Julius Tate's family plans multi-day march

Joel Oliphint
A memorial on Mount Vernon Avenue near where Julius Tate was shot and killed by police.

Ever since her older brother Julius Tate was killed by police during a sting operation in December of 2018, 16-year-old Maryam said she has had trouble sleeping.

“It's been really hard. A lot of us in my house, we don't really sleep that much anymore. We don't get to sleep until the early hours of the morning. When Julius first died, I actually had a mental breakdown,” she said. “We mostly try to [focus on] the good memories.”

Police shot and killed Tate, Maryam’s then-16-year-old brother, in the course of an undercover investigation into a series of robberies tied to in-person sales arranged online. As told in a 2019 Alive cover story on the incident, “According to CPD ... a SWAT officer, who posed as a potential buyer, agreed to meet Tate to purchase an item with cash near the Near East Side intersection of Mount Vernon and North Champion avenues. ... During this exchange, CPD said Tate pulled a gun and robbed the officer, at which point another SWAT officer, Eric Richards, shot and killed Tate.”

The case became controversial not only because of the undercover nature of the sting operation and the decision to shoot and kill Tate, a juvenile, but also because Tate’s then-girlfriend, Masonique Saunders, was charged in the killing. (In a plea deal, Saunders later admitted to delinquency charges of aggravated robbery and involuntary manslaughter; she was sentenced to three years in a Department of Youth Services prison.)

Over time, Maryam, who spoke by phone on behalf of her mother, Jamita Malone, said people seemed to forget about Tate. But recent uprisings have refocused activists’ attention. “My brother's name had been swept under the rug. Everybody had forgotten about him,” she said. “We always had hope, but with the death of George Floyd and Breonna Taylor, that's really what got people out on the street.”
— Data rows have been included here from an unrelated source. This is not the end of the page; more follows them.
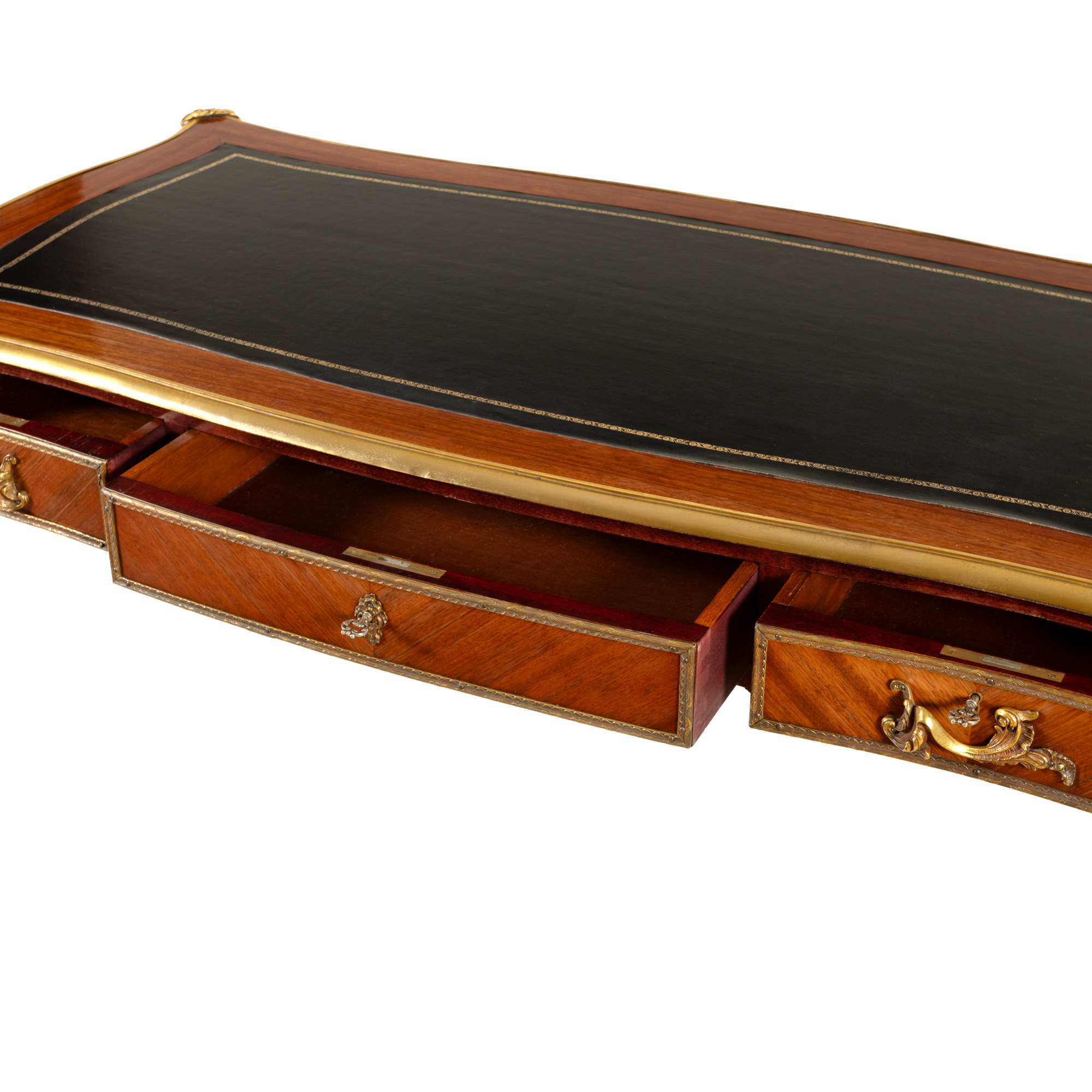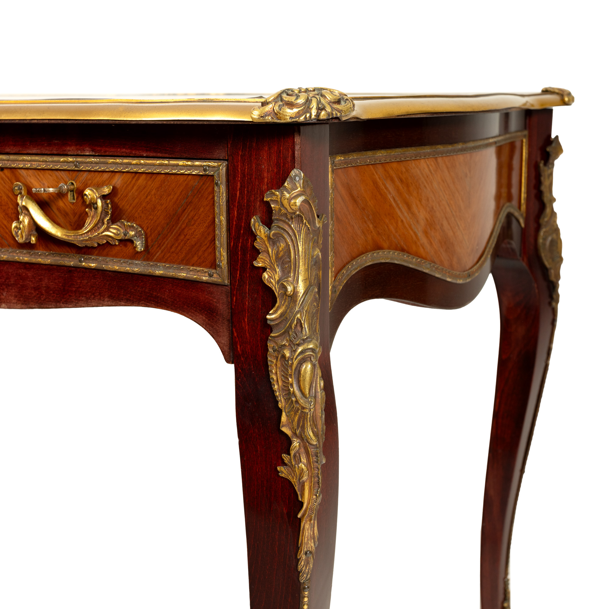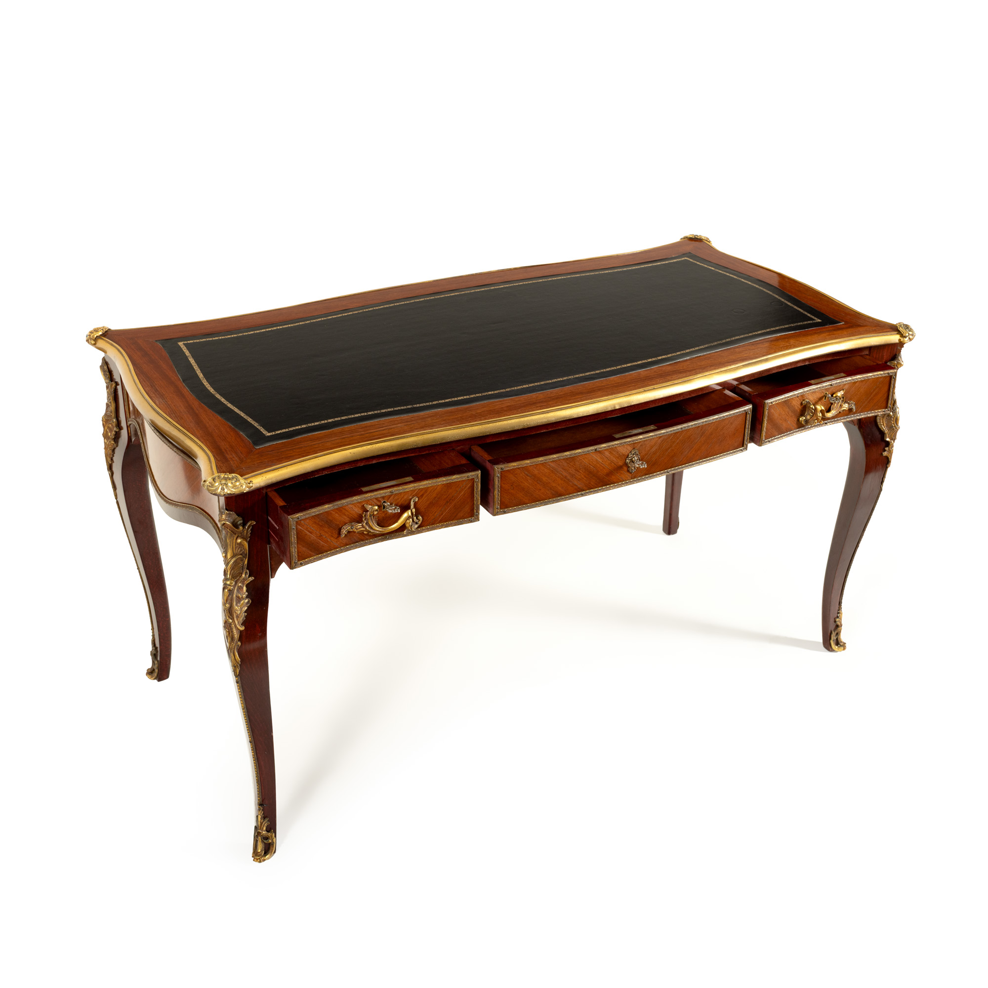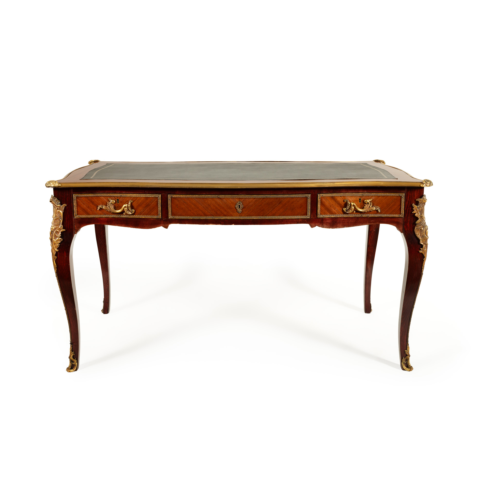 38. Birou în manieră Louis XV, din lemn de nuc, cu blat din piele aurită și aplicații din bronz, începutul sec. XX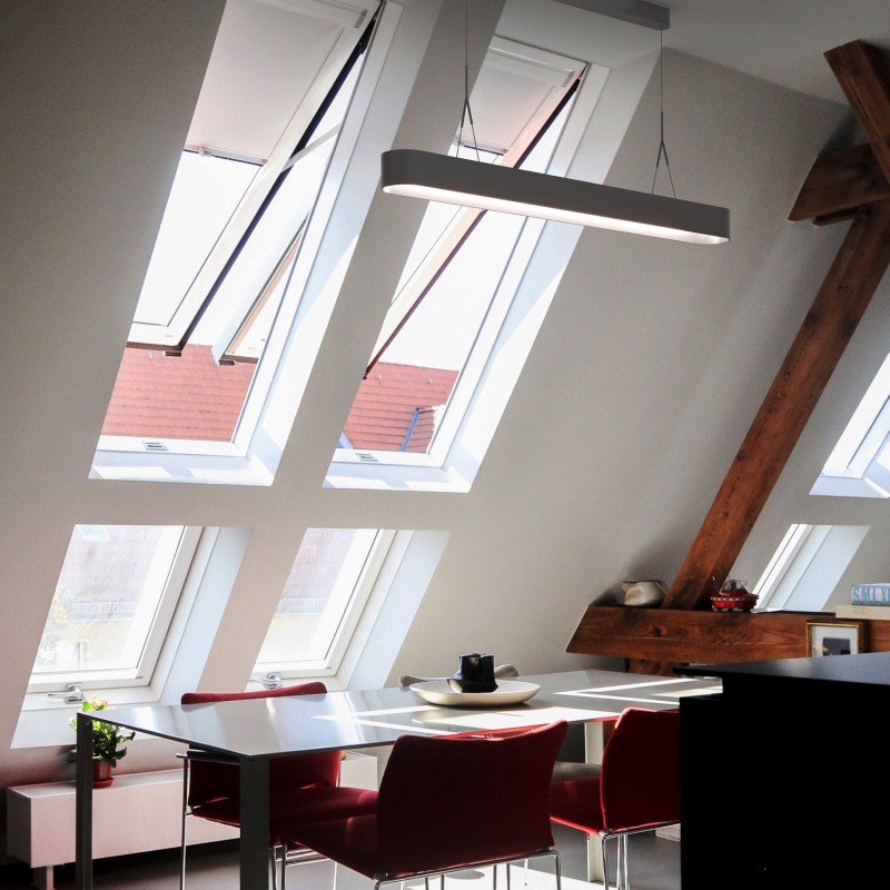 Hij valt vooral op in grote omgevingen of wanneer hij aan hoge plafonds hangt, omdat hij in hoogte verstelbaar is tot 1,3 m.
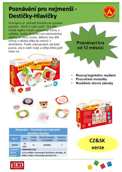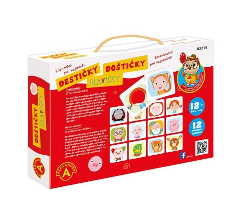 Poznávacia jednoduchá náučná skladačka, ktorá rozvíja základné schopnosti a znalosti batoliat od 12. mesiaca veku. Rozvíja logiku, hmat a spoznávajú farby a zvieratká alebo postavičky. Hra zo série "Sovička múdra hlavička". Princípom je priradiť hlavičku k správnej postave, ktorá k sebe patrí. Tým deti rozvíja logiku, hmat a spoznávajú farby a zvieratká. Každá doštička má odnímateľnú tvár v tvare kruhu. Počas hry dieťa vníma a vkladá dieliky do otvorov v doštičkách. Podľa zobrazených obrázkov pozná, či k sebe malý a veľký dielik patrí alebo nie. Na umiestnenie dielikov do otvoru, dieťa najprv preskúmava jeho tvar a správne natočenie. Pokiaľ hlavičky nebudú priradené správne, vzniknú tak smiešne obrázky. Hra precvičuje motoriku ručičiek a motivuje k lepšiemu vnímaniu a logickému mysleniu. Garantom poznávacích hier je uznávaná psychologička z varšavskej univerzity Alexandra Petrovská. Hra je vhodná pre deti od 12 mesiacov do 3 rokov. BALENIE OBSAHUJE: - 12 veľkých farebných doštičiek s obrázkami - český a slovenský návod k hre Obsah balenia: 12 veľkých farebných doštičiek s obrázkami z pevného kartónu (24 dielikov), český a slovenský návod k hre, pevnú škatuľu s uchom pre ľahké prenášanie.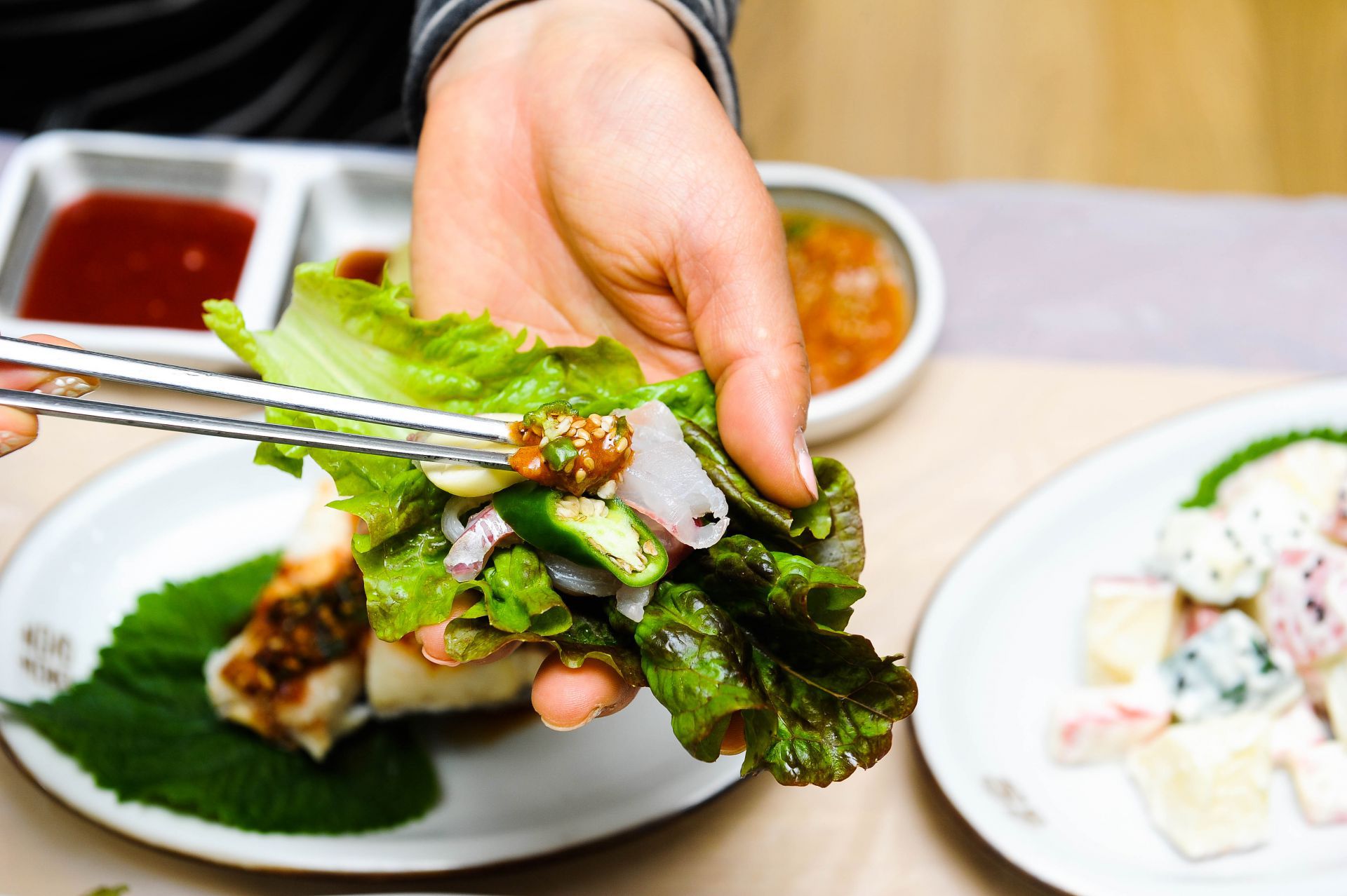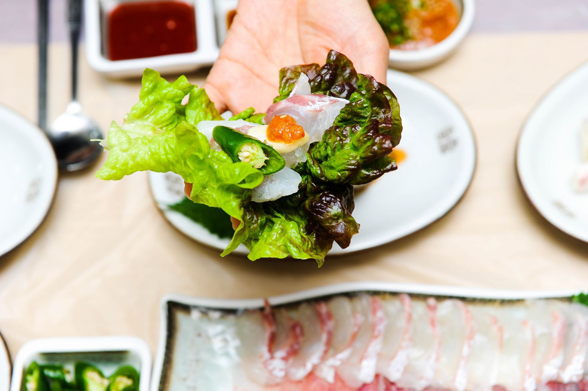 싱싱한 야채에 자연산 회를 한점 싸서 먹으면 입안이 저절로 즐거워 지는데요.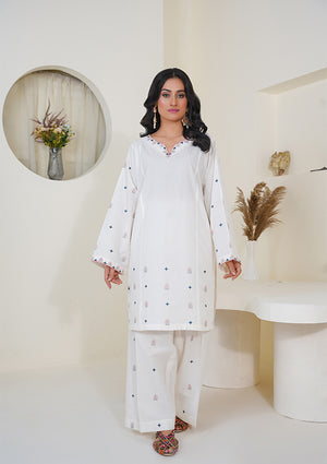 Elegance meets simplicity in this white embroidered suit featuring a round neckline with a v-slit, wide trousers, and a beautifully printed Manar dupatta. A graceful everyday ensemble with refined detail.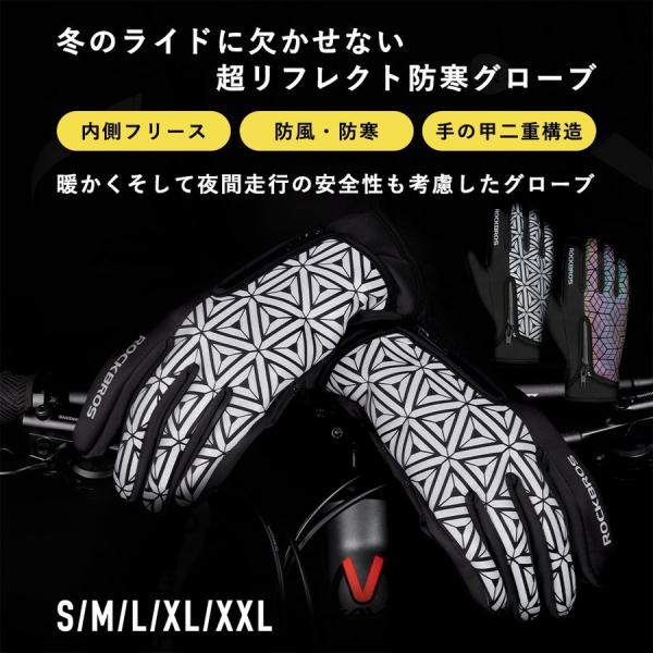 バイク グローブ 手袋 秋冬 フリース素材 反射 防風 防寒 保温 自転車 サイクルグローブ ロックブロス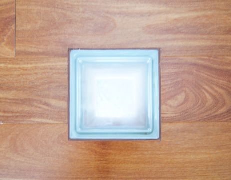 Zum Garten hin erhält das Haus große zweigeschossige Fenster. Bei der Innenraumgestaltung wurden zahlreiche durchdachte Details realisiert: Glaseinsätze im Parkettfußboden schaffen Durchblicke und Lichtpunkte ins Erdgeschoss.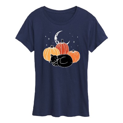 Women's - Instant Message - Black Cat Pumpkin Nap Short Sleeve Graphic T-Shirt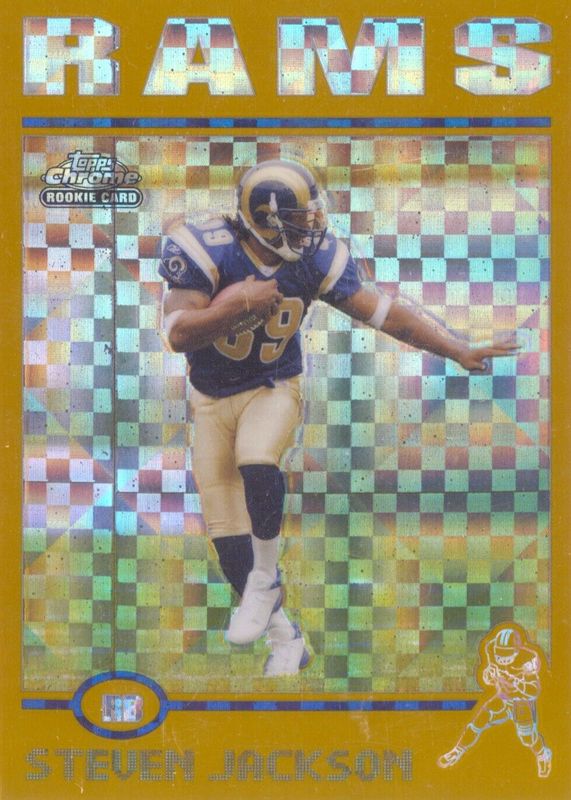 Steven Jackson's Football cards are available in at least 16 sets. Steven Jackson's biggest 7-day price movers are 2004 Topps Chrome #180 Gold X-Fractor /279, 2004 Topps Chrome #180 Black Refractor /100, and 2004 Bowman #260 1st Edition.

Starting this past Wednesday and running through Thursday, Sept. 17, Tate’s family and other organizers will march in solidarity under the banner of #Justice4Julius. For the first eight days, protesters are meeting at 5 p.m. at Broad and High streets Downtown, and the next eight days they’ll gather at the same time at the intersection of Mount Vernon and Champion avenues, near where Tate was shot and killed.

One of the main goals of the extended march, Maryam said, is to keep Tate’s name out there so that it isn’t forgotten. The family is also asking for Tate’s diploma from Columbus Scioto High School, which Maryam said is being withheld. They'll also add their voices to a chorus that's demanding changes to law enforcement. “We want to see not just police reform. We want to see the police department abolished,” she said.

Tate’s family also sees the marches as one step on a path to broader change. “The government in America, it needs pressure. It's not just going to take suggestions from its citizens,” Maryam said. “It needs pressure.”